The second, less expensive way is to develop a better way to predict long-term solar storms.
Can we predict solar storms?
Solar storms are also notoriously difficult to predict. In part, they can be “very hard to pin down,” Owens said. “Because while space weather has been around for thousands of years, the technology that affects it has only been around for a few decades.”
Current technology can predict solar storms up to two days before they hit Earth based on the activity of sunspots, black spots on the surface of the sun that indicate areas of high plasma activity. But scientists can’t track solar storms the way they do hurricanes. Instead, they look to other clues, such as the position of the sun in its current solar cycle. NASA and the European Space Agency are currently researching ways to make such predictions using a combination of historical data and more recent observations.

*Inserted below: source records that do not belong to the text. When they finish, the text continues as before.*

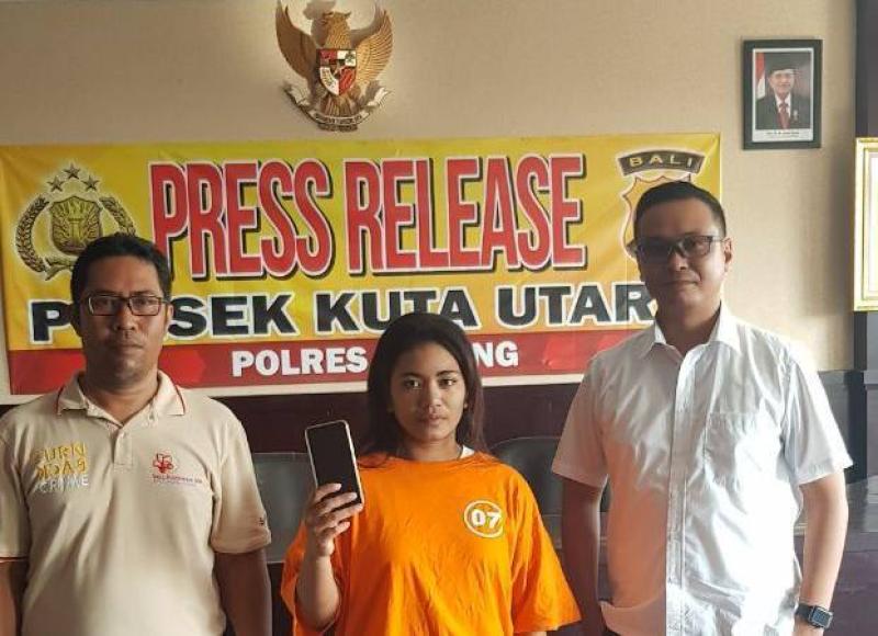 BALI TRIBUNE - Seorang cewek bernama Yoana Ngongo (26) ditangkap anggota Reskrim Polsek Kuta Utara karena diduga melakukan tindak pidana pencurian handphone miliknya rekan kerja, Gusti Komang Krismayanti (20). Akibatnya, korban menderita kerugian sebesar Rp3.629.000. Kapolsek Kuta Utara, AKP Johannes Nainggolan, SIk didampingi Kanit Reskrimnya IPTU Androyuan Elim, SI.k., MH siang kemarin menjelaskan, penangkapan tersangka berdasarkan laporan korban dengan nomor laporan polisi; LP-B/338/IX/2018/BALI/RES BDG/Sek Kuta Utara, tanggal 26 september 2018. Dalam laporannya, warga Dalung Permai ini mengaku kehilangan handphone di tempat ia bekerja di toko Takasi Mura di Jalan Raya Kerobokan Kuta Utara, Kabupaten Badung.  Pada pukul 10.00 Wita, korban yang sedang dalam kondisi datang bulan ke kamar mandi. Setelah keluar dari kamar mandi, handphonenya yang ditaruh di atas meja sudah tidak ada. "Karena sempat dicari tetapi tidak ketemu, sehingga dilaporkan ke Polsek," ungkapnya. Setelah menerima laporan dari korban, team opsnal Polsek Kuta Utara yang dipimpin Panit opsnal I Made Suanda langsung mendatangi lokasi kejadian melakukan penyelidikan terhadap diduga elaku melalui ciri ciri pelaku sesuai data dan hasil introgasi yang telah dilakukan.  Kemudian team opsnal bergerak bersama korban dan saksi untuk menyelidiki keberadaan diduga pelaku, dengan hasil dapat mengamankan diduga pelaku di tempat kerjanya toko Takasi Mura berserta barang bukti handphone hasil curian. " Korban dan pelaku adalah teman kerja. Pengakuan tersangka, baru kali pertama ini tetapi masih kita lakukan pendalaman dan pengembangan lebih lanjut. ujarnya.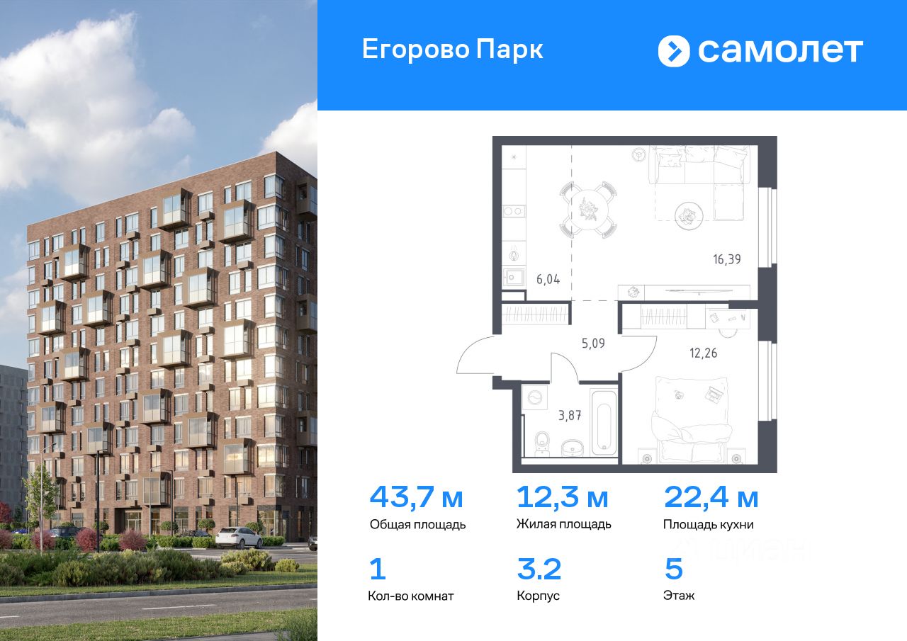 Строим кварталы для жизни с заботой о будущем. Предлагается 1-комнатная квартира комфорт-класса 43,65 кв.м в корпусе 3.2 на 5 этаже, в ЖК ''Егорово Парк''
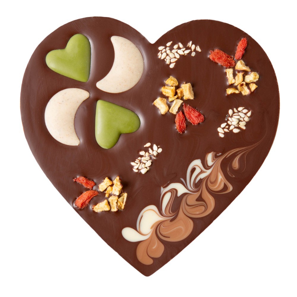 Nádherné veganské vánoční bio čokoládové srdce z hořké čokolády se 70 % fair trade kakaa a něžně se rozplývajícího nugátu s vlašskými ořechy. Je zdobené dvěma měsíci z bílé kokosové čokolády, dvěma čokoládovými srdíčky se zeleným čajem, červenými plody goji, praženými křupavými sezamovými semínky...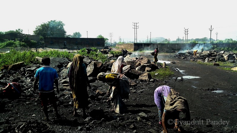 रास्ता कोयलामय था। कहीं लोग कोयला इकठ्ठा कर जला रहे थे – हार्ड कोक बनाने के लिये। यह हार्डकोक (फोड़) ईन्धन के रूप में या साइकल पर ले जा कर मार्किट में बेच कर आमदनी के लिये करते हैं वे। कहीं अण्डरग्राउण्ड खदान से निकला पानी पाइप के माध्यम से बाहर फैंका जा रहा था और उसमें लोग नहा रहे थे। श्रमिकों और रेल कर्मियों की बस्तियां थीं। छोटे छोटे मकान, झोंपड़ी नुमा। आशा से ज्यादा साफसुथरे। कोयला बेच कर प्रतिदिन 400 रुपये की आमदनी और परिवार में सभी का उस काम में लगे रहना एक अच्छी खासी कमाई का संकेत देता है; पर जीवन स्तर उसके अनुरूप नजर नहीं आता था। जीवनस्तर की मध्यवर्गीय मानसिकता – जो उस स्तर की आमदनी के साथ जुड़ी रहती है, का नितांत अभाव दिखा मुझे। पैसा निश्चय ही अनेक कुटेव-कुरीतियों में जा रहा होग। वह कोण पता करने के लिये मैं उचित माहौल/मानसिकता में नहीं जा रहा था। आप उसके लिये साहब की तरह नहीं जाते…

The sun goes through cycles of about 11 years of higher or lower activity, depending on the The National Oceanic and Atmospheric Administration (opens in a new tab), and its next peak of activity, known as solar maximum, is expected to be around 2025. However, recent solar maximums have been relatively mild, leading scientists to suspect that our sun may be in a prolonged period of low activity. “The Sun has been pretty quiet since the 90s,” Owens said. The last (at least recorded) global geomagnetic storm is the so-called “Carrington Eventof 1859, in which auroras were observed as far south as Cuba and Honolulu, Hawaii. If the internet had existed during this event, chances are it was seriously disrupted.
Hopefully, scientists will be able to find a way to predict or minimize the impact of the next Carrington event before we find ourselves in a future without the internet…although, given the terrible depth of social media, there may -be of worse fates.